Top tip: Fitness regimes are essential in quarantine! It produces mood-boosting endorphins! It’s also a great bonding activity between couples. We’ll be trying that tomorrow.
Key takeaway: When she asked me if I’d brushed my teeth, was she just asking in general or did my breath smell?
Our first workout of quarantine!
Rebecca got up a YouTube workout video and then provided a fairly constant stream of motivational quotes throughout. At first I thought they were for my benefit, but after hearing “Rebecca, once you get a six-pack, you get an upgrade”, I wasn’t quite so sure.
I tried to bring it up during the hour-long post-workout heart-to-heart I had scheduled, but she didn’t seem to hear my questions.
Top tip: Commenting on the impressive backside of the YouTube fitness instructor is potentially one of the not good things to do in quarantine.
Key takeaway: I woke up in the middle of the night and thought a stranger was breathing next to me.
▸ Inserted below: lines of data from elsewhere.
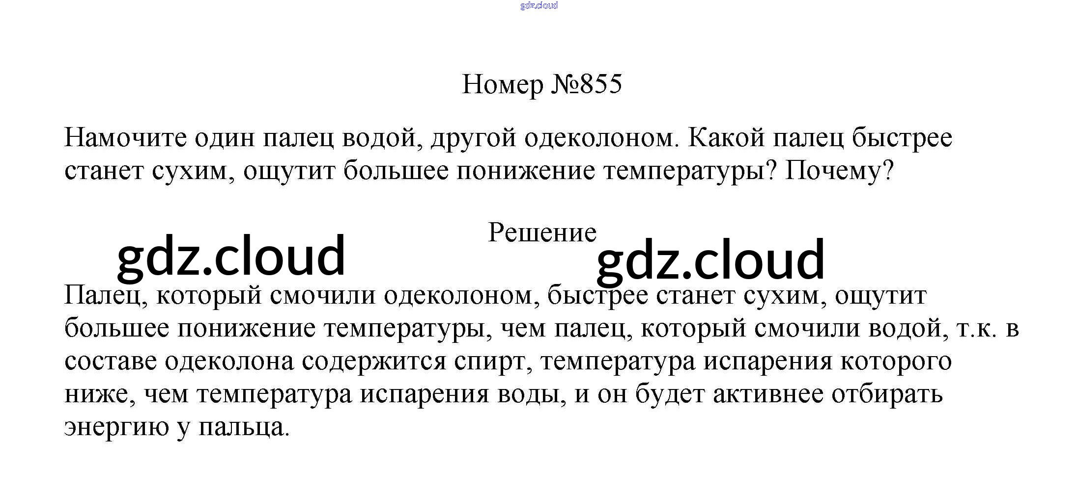 Ответ на задание 855 Сборник вопросов и задач Физика за 7, 8, 9 (седьмой, восьмой, девятый) класс Марон, Позойский Вертикаль 2013
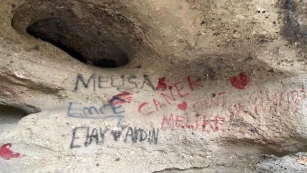 'BU ŞEKİLDE OLMASI ÇOK ÜZÜCÜ'Tarihi alanı gezmeye gelen Yıldıray Efe, "Bu bölgeye çok ziyaretçi geliyor, gerçekten gezilip görülmesi gereken bir yer ama ne yazık ki bazı vatandaşlar, bu alanı kötü bir hale getirmiş durumda. Mağaraların içine girmişler, yemişler, içmişler ve çöplerini bırakıp gitmişler. Buranın çok daha temiz ve nezih olması gerekiyor. Bu şekilde olması çok üzücü. Mağaranın duvarlarına da yazılar yazılmış, kimisi isim yazmış, kimisi sevdiğini yazmış, bunlar hoş değil. Herkesin bilinçli olması gerekiyor" dedi.
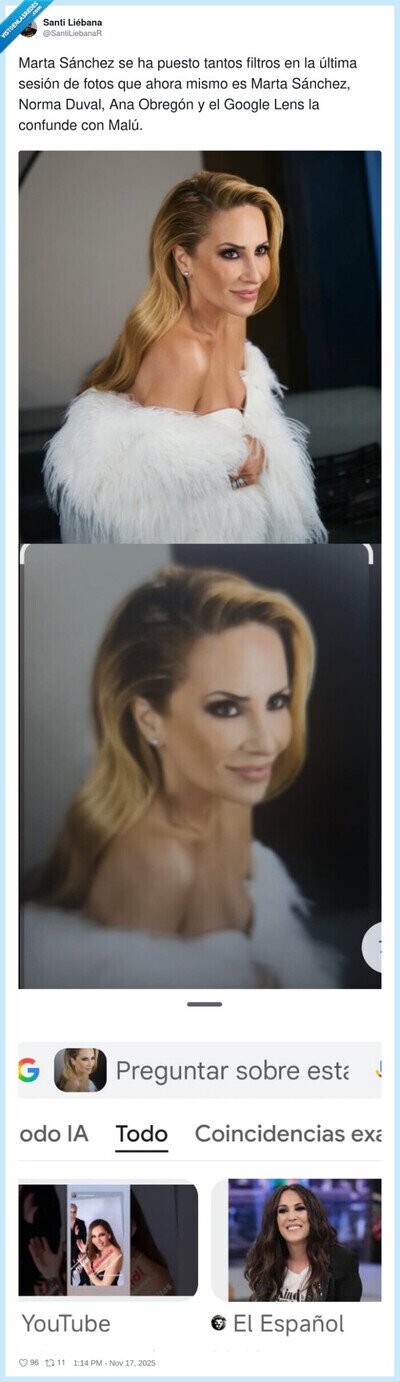 ¿Marta Sánchez o Malú? Hasta Google Lens se confunde con sus filtros, por @SantiLiebanaR
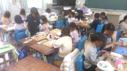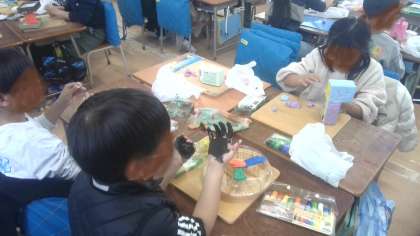 図工の学習で、家から持ってきた箱やプラスチック容器に色付けした紙粘土を付けて素敵な小物入れを作っていました。お菓子の紙箱やペットボトルなどが彩りきれいな小物入れへと変身していきました。
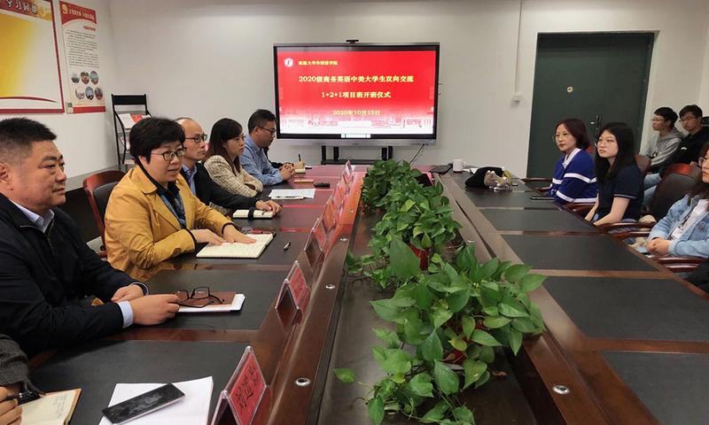 10月15日下午,yl8cc永利官网举行2020级商务英语专业中美双向交流1+2+1项目班开班仪式。
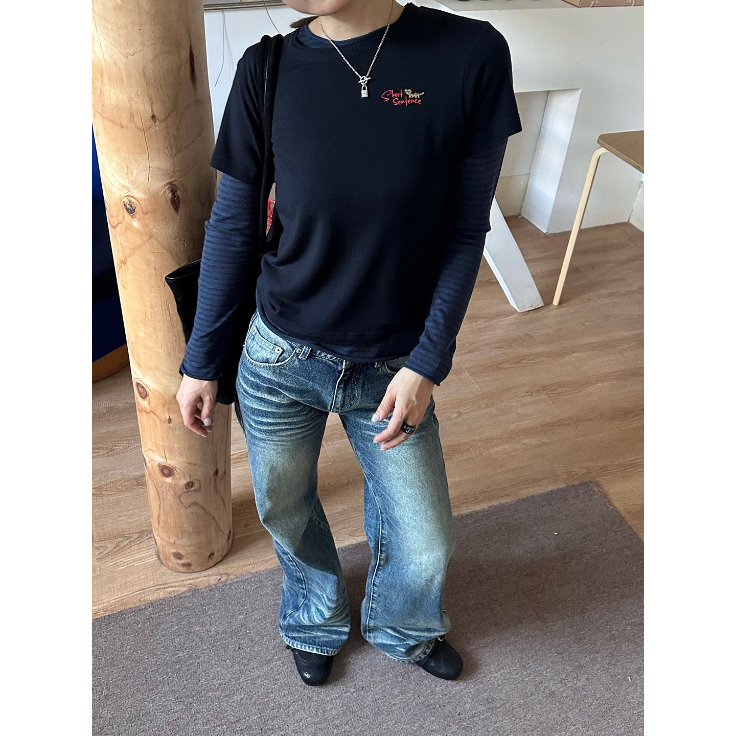 2025年休闲气质上衣打底衫 t恤女秋装 潮 100%纯棉长袖 外贸出口反季

I turned my phone light on and remembered I live with Rebecca. What does this mean?
Our first fight of quarantine … 🙁
It wasn’t a big one. As always, they feel so important at the time, but in retrospect they seem so silly.
It all started with a lively discussion over the lyrics to The Kooks’ 2005 hit ‘Naïve’.
I was convinced the lyric “I’m not fond of asking” was actually “I’m not from Alaska”, but after Freckle pointed out my mistake, we had a bit of a row about it, as well as touching on a couple of other, irrelevant points (who does most of the work around the flat, who is the most emotionally manipulative, whose fault is it that our sex life is so bad, who overshares details of our relationship on public forums).
Top tip: Praying together can be a really great way for couples to bond at the end of a long day (so I keep telling her).
Key takeaway: In some countries, it would be above-average size, and in others its less-than. But ultimately, there’s nothing I can do about it.
I spent some time online today and found out that the freckle was likely to have been there from before I knew Rebecca. Which is odd because it is basically the only thing I notice when I look at her now, from any angle. It’s actually on the back of her ear, but when I am facing her, I can feel its presence stronger than ever before. It’s almost like it makes her whole ear glow, glow glow glow and pulsate. Very weird.
For dinner, we made toasted macadamia nuts with an entrée of canned button mushrooms. She seemed distant.
Top tip: Freckles can be easily ignored by the simple trick of closing your eyes, putting your fingers in your ears and humming loudly from the bottom of your diaphragm.
Key takeaway: ‘Freckle’ (the word, not the person!) comes from the Old Norse word freknur. According to Wikipedia, in Australia it can also either mean a small flattened mound of chocolate covered in sprinkles, or the human anus.